'Why can't I be normal?'
'Why can't I walk?'
'I've never smoked so why me?'
'Maybe it's karma...'
The unknowing hurt more than the fact I was incapable of living a normal life,
This time last year was my final night in the place I longed to leave from day one..
'Lizzies home countdown!!'
Was next to my bed..
I'd longed for the day, the day I could set foot in my house, live my life, Start my recovery..

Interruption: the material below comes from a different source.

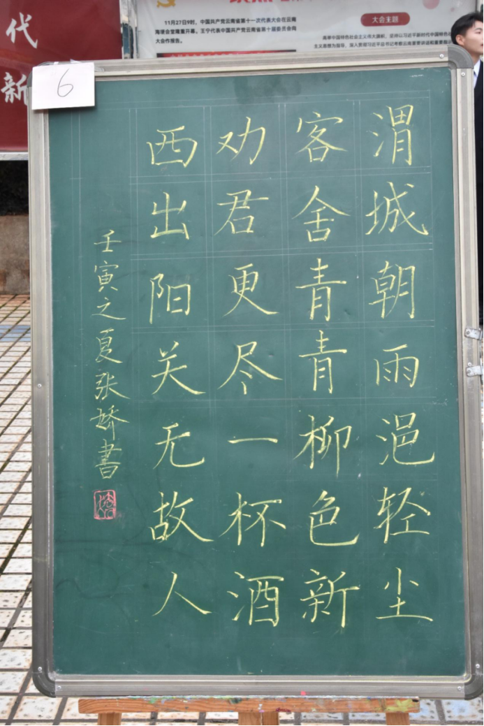 书写靓风采,墨香飘校园。为提高我院师范生专业素养,提升未来教师教学能力,夯实我院学子板书基本功,2022年6月15日下午,我院第十六届“师艺风”板书大赛(决赛)在楚雄师范学院花果山校区凯旋门成功举办。本次决赛评委由教育学院吴永社老师、赵天培老师和李云奎老师担任。同时,还邀请了教育学院全体教师观赛。

'When you get home your recovery slows down'
Mine sped up, I was gaining confidence and so much more determination to get better and be Lizzie again,
Just not the crazy girl who would drink loads and stumble in heels
My mum packed up all my stuff, smiling so much as she knew in the morning or afternoon the next day, I'd be returning to the house, a bit scared behind that smile as she knew the house wasn't 'stroke survivor proof'
(Rails, slip proof matts)...
I cried as she left me that night, as I was so nervous to return to a place I'd only visited twice in 3 months,
'No one will visit me'
'I had a stroke in the bed I'll be in..'
'I can't even walk to go shopping'
'I'm scared mum'
And it was fine...
The shock was overcome within months until I was ready to walk outside with physios that'd visit me weekly..

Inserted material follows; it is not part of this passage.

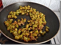 - Heat a tsp of oil in a kadai and fry the beans till it starts to crackle.( This step is not in the original recipe. But I did it for additional flavor)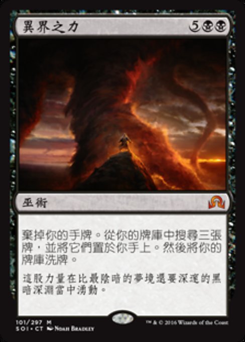 |  Variations— Parts— | Behold the BeyondDiscard your hand. Search your library for three cards, put them into your hand, then shuffle.

'Right there's a carers organisation that can visit you at home, help you shower and stuff liz'
' no mum I'm not 80'
'Yes but you can't walk so you need help..'
It was all arranged; the nurses, the physio, the ot visiting, the medication routine..
'I'll miss pauline'
(The crazy old lady who was my entertainment opposite me)
'Can I walk to the entrance tomorrow?!?'
'No love, you need a wheelchair, you can't walk yet..'
Again I cried,
'Great, I'm gonna be stuck in that thing getting fat and laughed at'
When I returned home it was the best day of my life
I learnt to walk and do what I used to do..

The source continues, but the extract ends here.